--- START ---

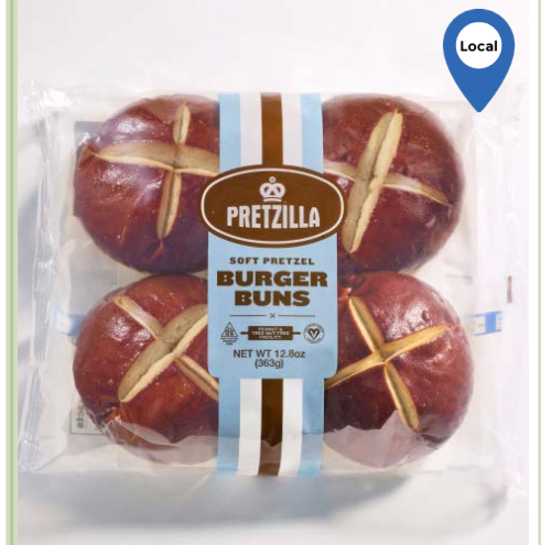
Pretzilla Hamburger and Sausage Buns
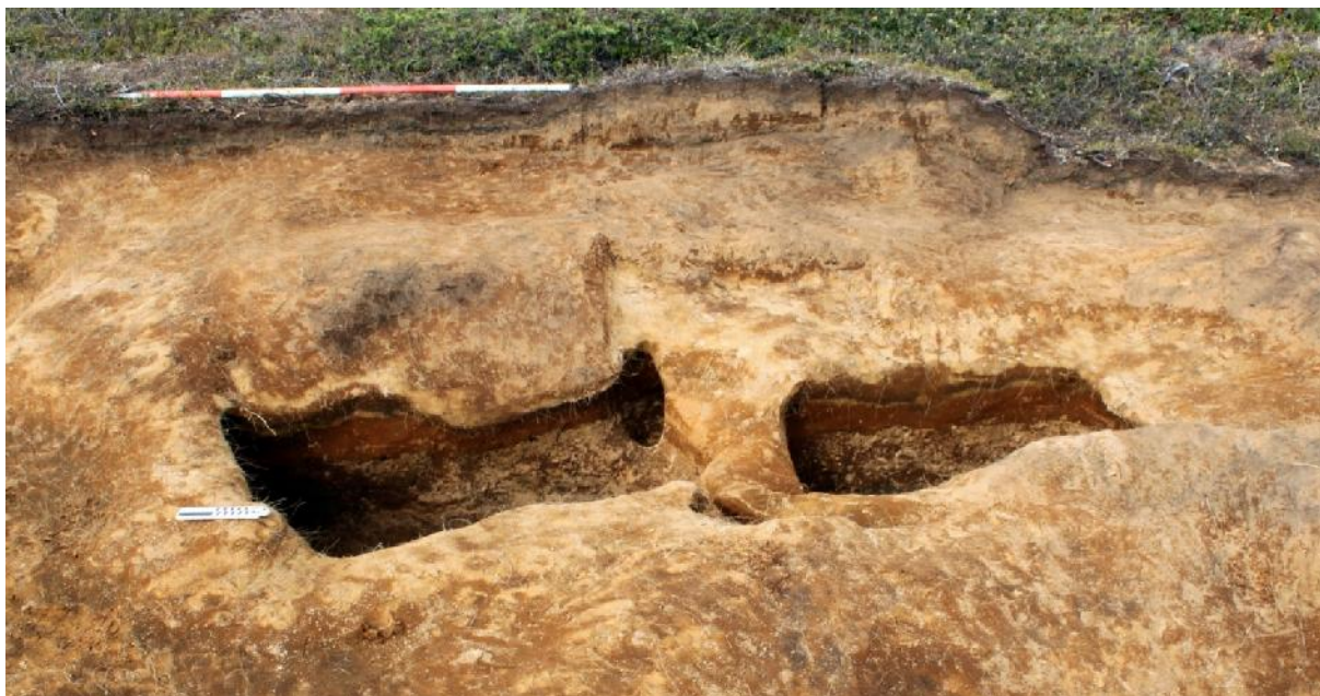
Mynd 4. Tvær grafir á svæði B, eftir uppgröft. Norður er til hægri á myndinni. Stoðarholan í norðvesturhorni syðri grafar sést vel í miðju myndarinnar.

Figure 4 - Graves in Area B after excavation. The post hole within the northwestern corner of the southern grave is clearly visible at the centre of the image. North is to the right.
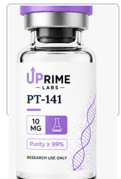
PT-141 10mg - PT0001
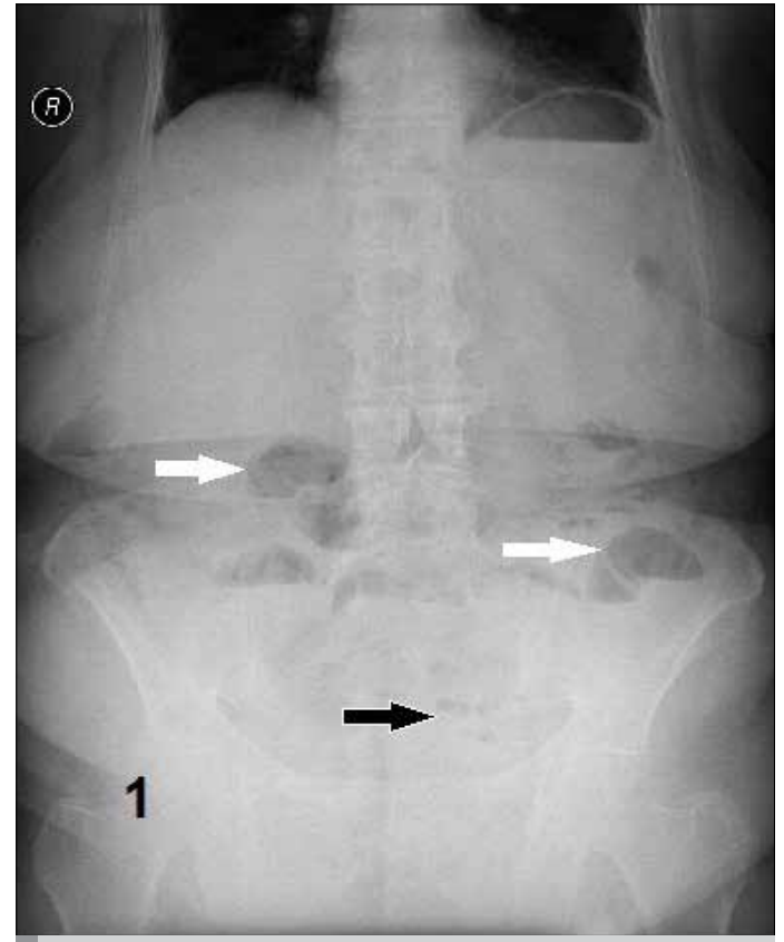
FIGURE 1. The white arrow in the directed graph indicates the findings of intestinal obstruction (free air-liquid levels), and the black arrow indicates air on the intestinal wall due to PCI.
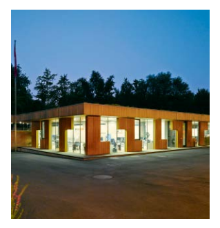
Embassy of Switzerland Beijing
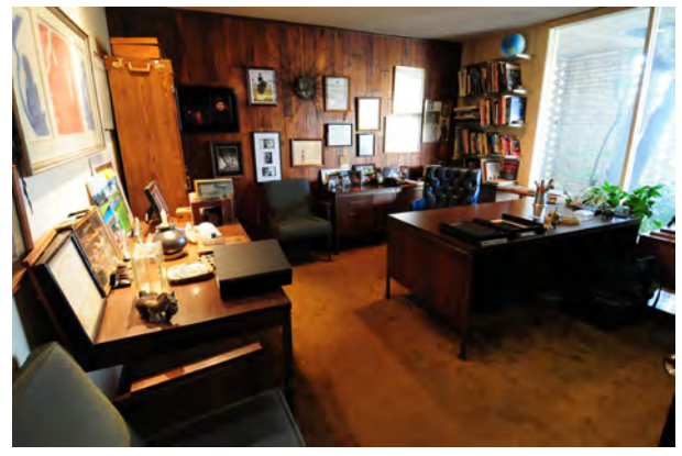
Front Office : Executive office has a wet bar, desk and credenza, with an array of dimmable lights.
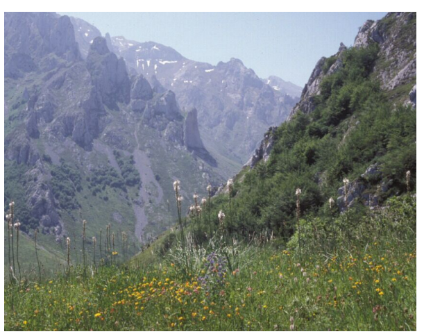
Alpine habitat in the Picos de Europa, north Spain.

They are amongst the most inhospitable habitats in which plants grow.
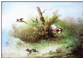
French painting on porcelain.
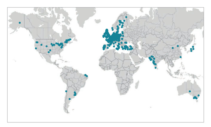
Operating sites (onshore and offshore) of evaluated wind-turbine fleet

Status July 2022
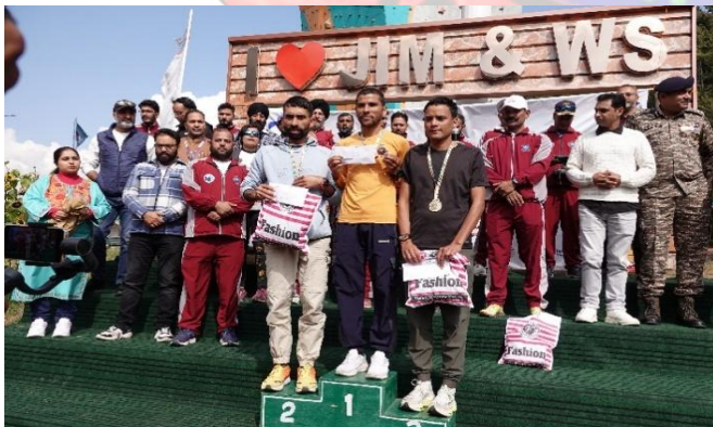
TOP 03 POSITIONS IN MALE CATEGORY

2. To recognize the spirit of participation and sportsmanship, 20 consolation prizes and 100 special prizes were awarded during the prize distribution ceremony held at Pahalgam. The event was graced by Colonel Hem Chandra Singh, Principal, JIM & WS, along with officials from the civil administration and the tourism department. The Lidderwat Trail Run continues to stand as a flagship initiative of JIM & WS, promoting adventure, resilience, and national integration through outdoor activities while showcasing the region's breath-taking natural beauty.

--- END ---

_YOUR INSTRUCTIONS_
The lines to repeat run from the line containing "Status July 2022" through the end of the listing above, both included; give them exactly and without pictures.

_PROBLEM SOLUTION_
Status July 2022
TOP 03 POSITIONS IN MALE CATEGORY

2. To recognize the spirit of participation and sportsmanship, 20 consolation prizes and 100 special prizes were awarded during the prize distribution ceremony held at Pahalgam. The event was graced by Colonel Hem Chandra Singh, Principal, JIM & WS, along with officials from the civil administration and the tourism department. The Lidderwat Trail Run continues to stand as a flagship initiative of JIM & WS, promoting adventure, resilience, and national integration through outdoor activities while showcasing the region's breath-taking natural beauty.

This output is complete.